» **TASK TO COMPLETE**
For this exercise, retype the lines from the one that holds "Students learning computer skills." through the one that holds "Work by Denise Stewart-Sanabria" in the records below, both included, exactly and without pictures.

» **EXTRACTED MATERIAL**
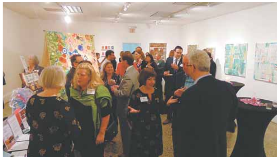
Guests mingle during the NDWC's Arts Night Out Gala.
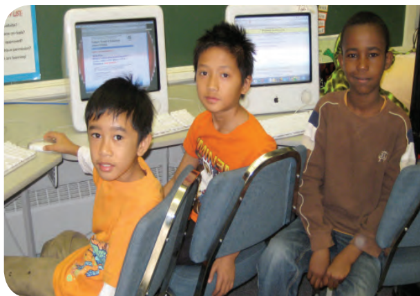
Students learning computer skills.
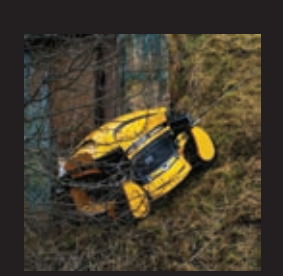
Military areas and airports
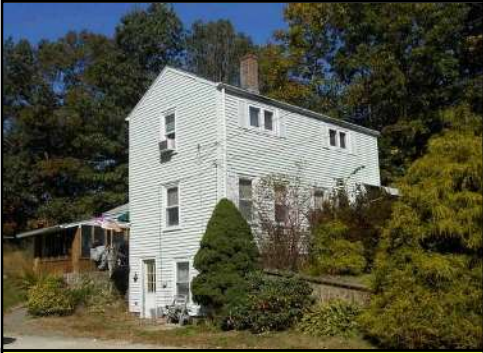
41 BEAVER ST.
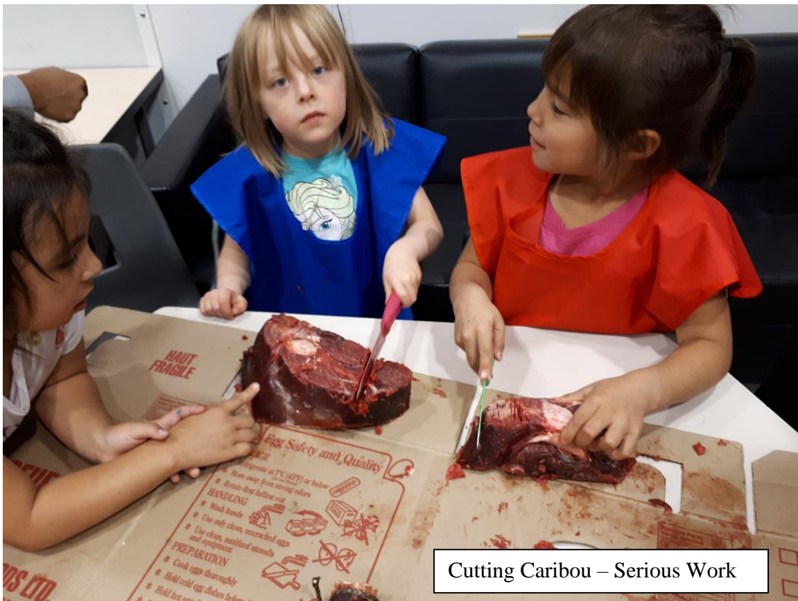
Cutting Caribou – Serious Work

Using the 8 points from our service vision we strive to provide accessible quality care and learning for children birth to 12 years of age. We have a strong emphasis on learning through play that natural incorporates culture, STEM and nature learning.
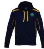
MOUNT LOFTY RANGERS 4WD CLUB HOODED JACKET
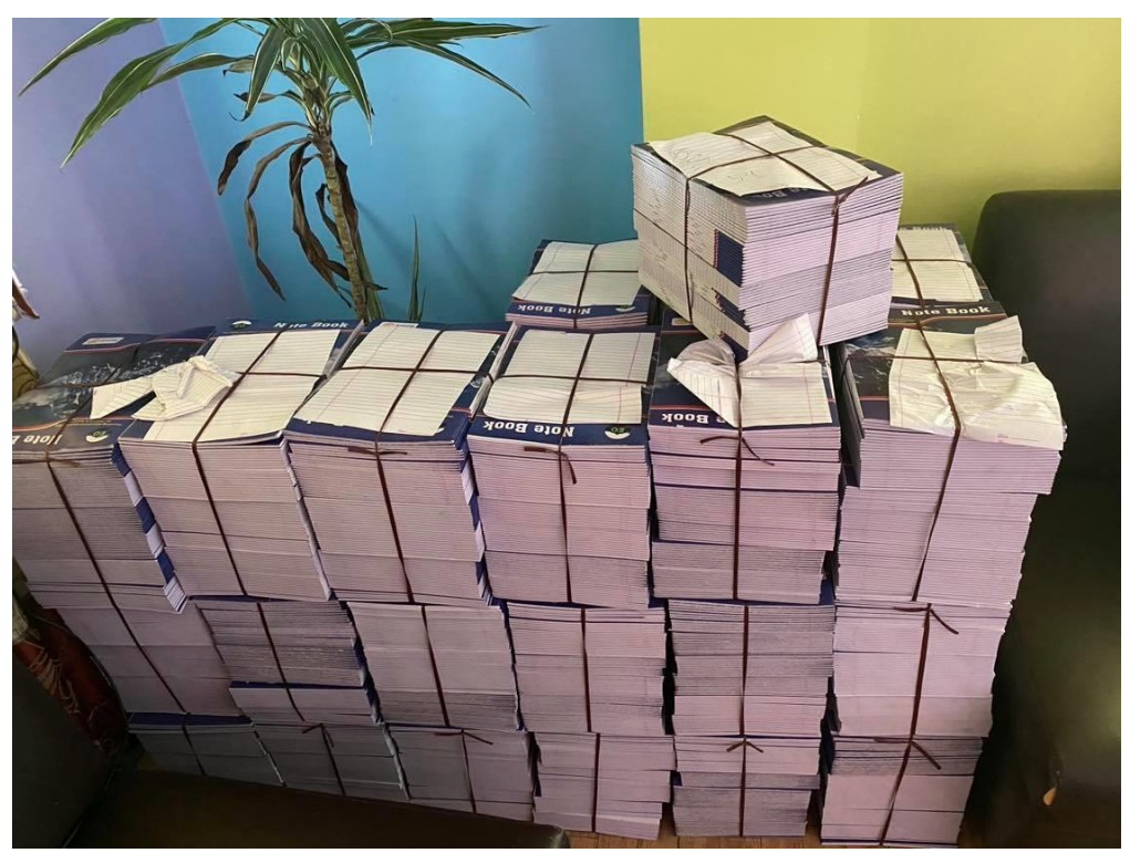
More student notebooks.
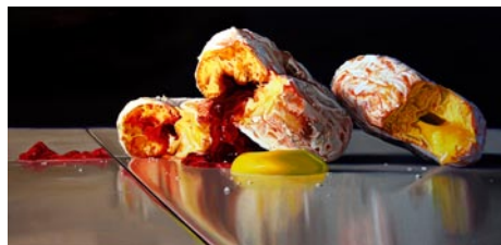
Work by Denise Stewart-Sanabria

The Arts Center of Greenwood in Greenwood, SC, will present Food For Thought , a contemporary food-themed exhibition, on view in the Center's main gallery space, from July 10 through Aug. 31, 2017. A reception will be held on July 28, from 5:30-7:30pm. The exhibition coincides with an upcoming Farm-to-Fork fundraiser at the center in late August.
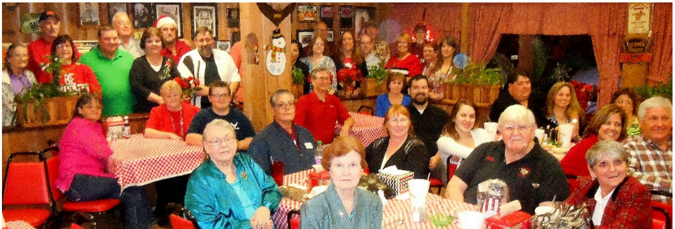
ANNUAL AWARDS BANQUET – LPCPAAA Members & Guests

» **REPLY TO THE TASK**
Students learning computer skills.
Military areas and airports
41 BEAVER ST.
Cutting Caribou – Serious Work

Using the 8 points from our service vision we strive to provide accessible quality care and learning for children birth to 12 years of age. We have a strong emphasis on learning through play that natural incorporates culture, STEM and nature learning.
MOUNT LOFTY RANGERS 4WD CLUB HOODED JACKET
More student notebooks.
Work by Denise Stewart-Sanabria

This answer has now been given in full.